Une protection adéquate et longtemps soutenue sur le marché étranger, 
et la prohibition de concurrence sur le marché domestique ont ici 
produit, par rapport aux navires, précisément l'effet que nous avons déjà 
constaté par rapport au drap et au fer en Angleterre, France, Allemagne 
et autres pays soumis à notre examen, celui de mettre les navires à bon 
marché, tandis que la matière première le bois a fermement gagné en 
prix. 

Cependant le résultat ne s'est point borné à cela.
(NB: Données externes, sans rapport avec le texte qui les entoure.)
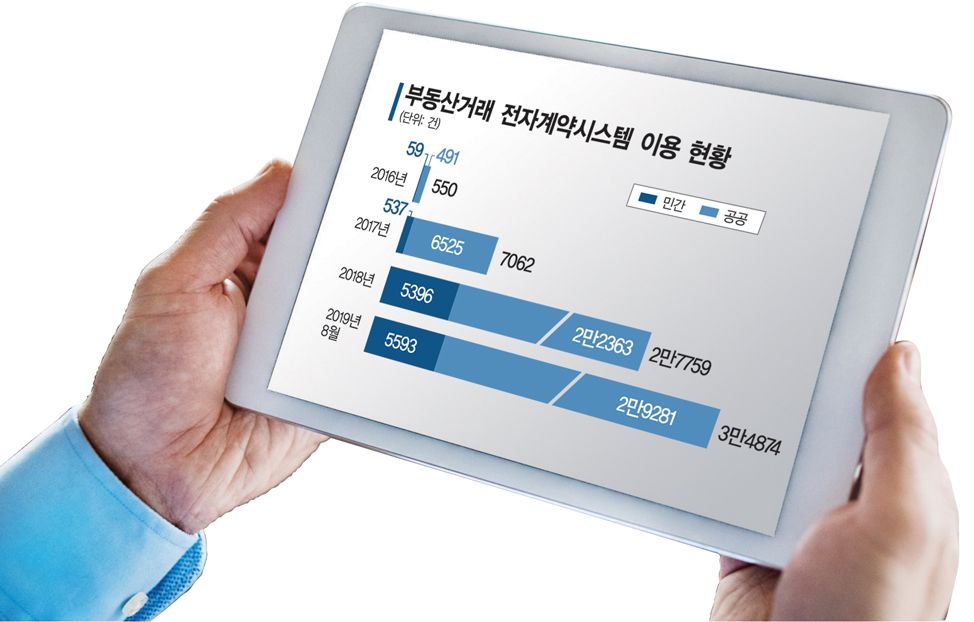 더욱이 부동산 거래의 대부분을 차지하는 민간의 활용률이 현저하게 적었다. 감정원에 따르면 민간 전자계약 건수는 2016년 전체 550건 중 59건, 2018년에는 2만7759건 중 5396건에 불과했다. 올해도 8월까지 전체 전자계약 3만4874건 중 5593건에 그쳤다.

Les lois de Cromwell 
avaient pour objet de donner aux navires anglais des avantages dans le 
négoce de la Grande-Bretagne avec le monde entier, et ainsi d'exclure les 
autres navires de la concurrence même pour le négoce de leurs pays 
respectifs. L'objet des lois américaines était d'établir une égalité de droits 
sur l'Océan et dans les ports de la Grande-Bretagne. « Pour s'opposer à 
cette tentative, dit M. MacCulloch, on avait essayé de plusieurs moyens, 
qui tous avaient échoué. » « À la fin, continue-t-il, il devint clair pour 
chacun que nous étions engagés dans une lutte inégale, et que notre 
politique avait en réalité l'effet de donner un avantage à l'importation des 
objets manufacturés d'autres pays dans les États-Unis, et d'exclure ainsi 
graduellement nos manufactures et notre marine des ports de la 
république; et alors l'égalité des droits fut accordée tout à fait à contre¬ 
cœur. L'exemple ainsi fourni par les États-Unis fut promptement suivi 
par la Prusse, et la liberté de négoce fut ainsi conquise au moyen de la 
protection, la même protection au moyen de laquelle l'Allemagne, la 
France et d'autres pays vont aujourd'hui conquérant la liberté du 
commerce. 

Ici encore se présente une de ces anomalies dont nous avons parlé. De 
toutes les occupations de l'homme, le transport est celle qui tend le moins 
à développer l'intelligence; et plus les énergies d'un pays sont poussées 
dans cette direction, plus s'accroît la tendance vers la centralisation, la 
faiblesse et l'esclavage. De toutes les communautés européennes qui s'y 


sont consacrées, la Hollande et l'Angleterre sont seules à survivre, et 
toutes deux déclinent en puissance d'année en année. De toutes les 
occupations, la conversion est celle qui tend le plus à diversifier les 
emplois, développer l’individualité, améliorer l'agriculture et les 
connaissances; et plus les pouvoirs d'un pays seront libres de prendre 
cette direction, plus s'accroîtra la tendance à développer les trésors de la 
terre, à créer des centres locaux, et à établir la parfaite liberté pour 
l'homme. L'un, le transport, tend à établir la suprématie du trafic, tandis 
que l'autre, la conversion, tend à développer le commerce; et pourtant, 
tout en adhérant fermement à la politique qui vise à mettre le fermier à 
même d'atteindre vite le marché, ce n'a été en général que comme 
occasion de lever un revenu qu'on a jamais donné attention à celle qui 
cherche à amener le marché près du fermier, et à le délivrer tout à fait de 
la taxe de transport. Nous trouvons là une grande et fondamentale 
anomalie, de laquelle sont nées toutes les autres en question, dont la 
dernière et la plus grande se trouve dans le fait que c'est chez le peuple le 
plus libre du monde que l'esclavage du travailleur est prêché comme un 
avantage positif pour lui et pour la société dont il est membre 155 .. 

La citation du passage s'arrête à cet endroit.